/---
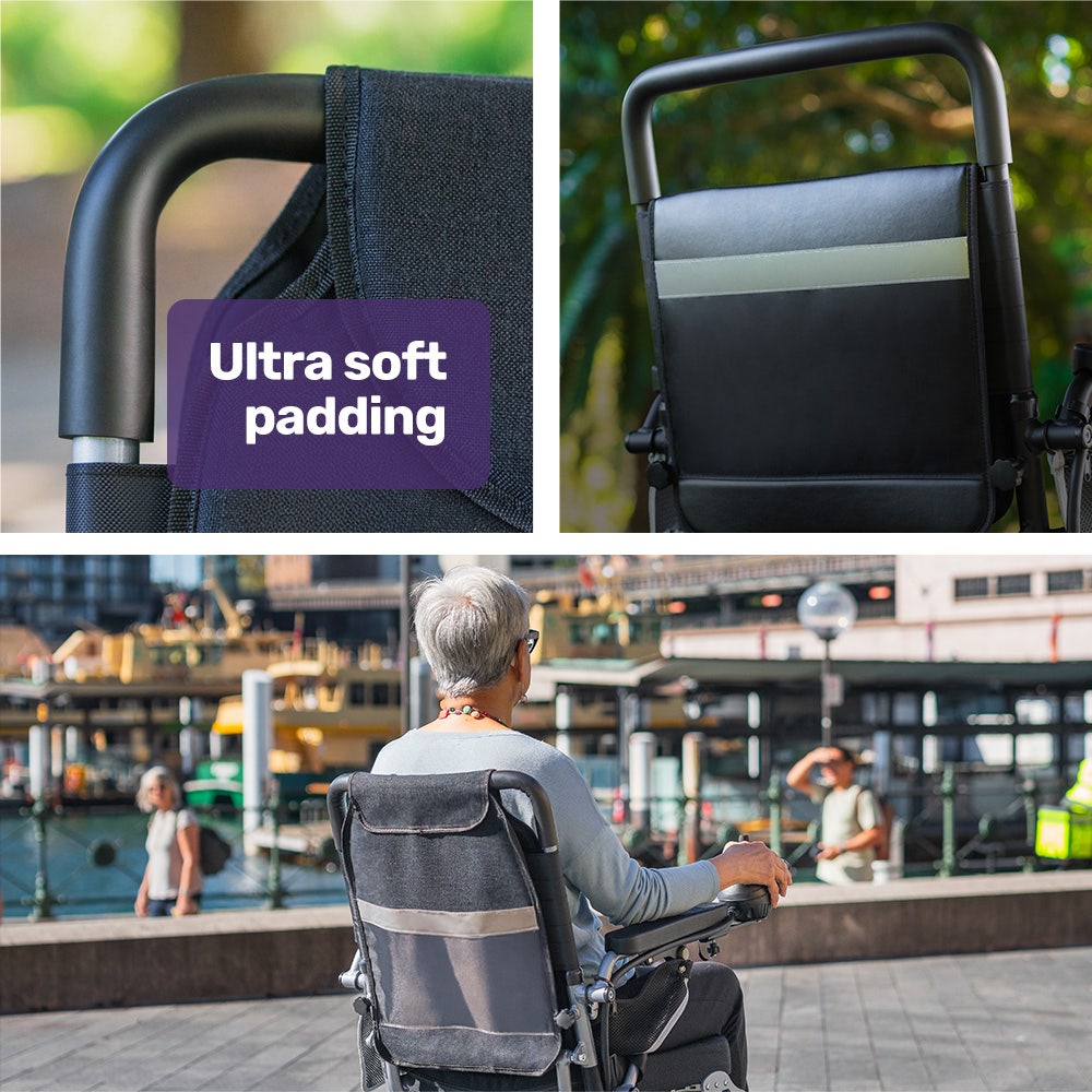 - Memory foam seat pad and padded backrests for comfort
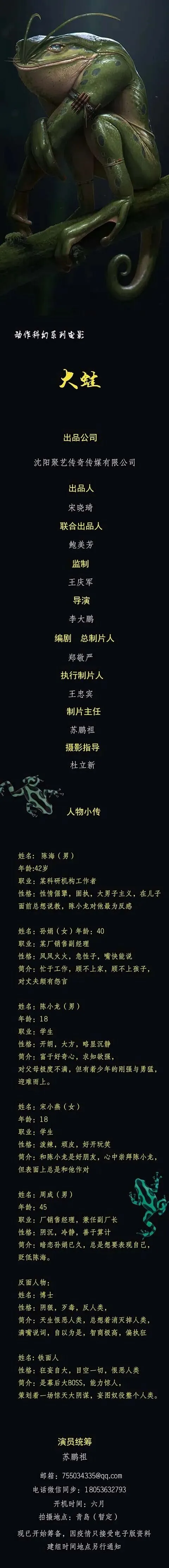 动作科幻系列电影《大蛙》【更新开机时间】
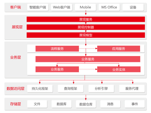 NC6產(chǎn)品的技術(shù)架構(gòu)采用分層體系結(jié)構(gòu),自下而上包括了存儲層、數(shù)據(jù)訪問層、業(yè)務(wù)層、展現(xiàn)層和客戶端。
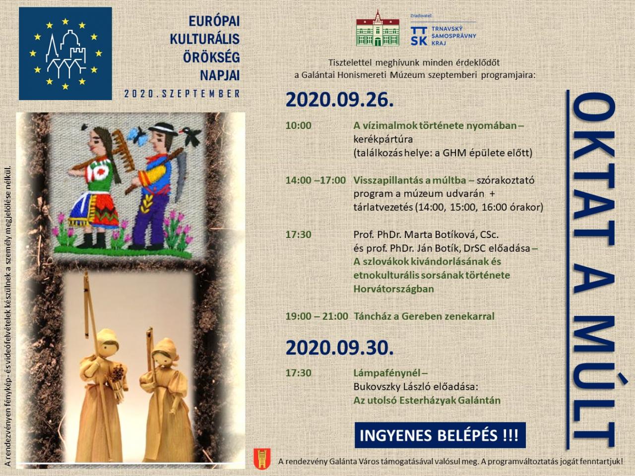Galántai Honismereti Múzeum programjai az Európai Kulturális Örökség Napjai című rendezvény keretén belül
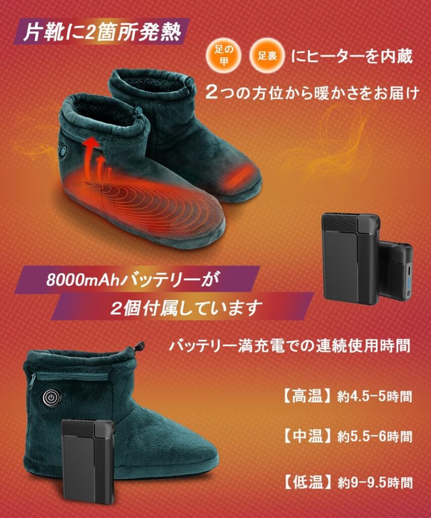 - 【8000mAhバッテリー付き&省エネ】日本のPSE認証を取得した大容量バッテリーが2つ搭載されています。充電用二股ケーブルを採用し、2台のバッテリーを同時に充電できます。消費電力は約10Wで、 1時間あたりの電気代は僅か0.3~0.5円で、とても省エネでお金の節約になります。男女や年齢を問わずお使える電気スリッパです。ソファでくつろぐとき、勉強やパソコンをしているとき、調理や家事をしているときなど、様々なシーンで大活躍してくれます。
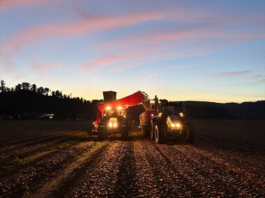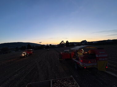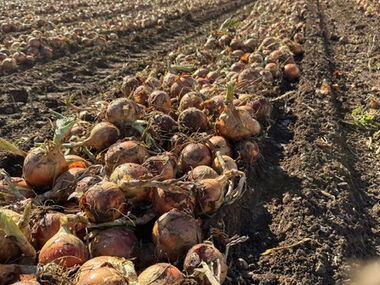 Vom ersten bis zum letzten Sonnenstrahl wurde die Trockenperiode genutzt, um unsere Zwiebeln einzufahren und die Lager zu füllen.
\---
REQUIRED WORK: Copy the material exactly as written and leave every picture behind.

COMPLETED TASK:
 - Memory foam seat pad and padded backrests for comfort
 动作科幻系列电影《大蛙》【更新开机时间】
 NC6產(chǎn)品的技術(shù)架構(gòu)采用分層體系結(jié)構(gòu),自下而上包括了存儲層、數(shù)據(jù)訪問層、業(yè)務(wù)層、展現(xiàn)層和客戶端。
Galántai Honismereti Múzeum programjai az Európai Kulturális Örökség Napjai című rendezvény keretén belül
 - 【8000mAhバッテリー付き&省エネ】日本のPSE認証を取得した大容量バッテリーが2つ搭載されています。充電用二股ケーブルを採用し、2台のバッテリーを同時に充電できます。消費電力は約10Wで、 1時間あたりの電気代は僅か0.3~0.5円で、とても省エネでお金の節約になります。男女や年齢を問わずお使える電気スリッパです。ソファでくつろぐとき、勉強やパソコンをしているとき、調理や家事をしているときなど、様々なシーンで大活躍してくれます。
 Vom ersten bis zum letzten Sonnenstrahl wurde die Trockenperiode genutzt, um unsere Zwiebeln einzufahren und die Lager zu füllen.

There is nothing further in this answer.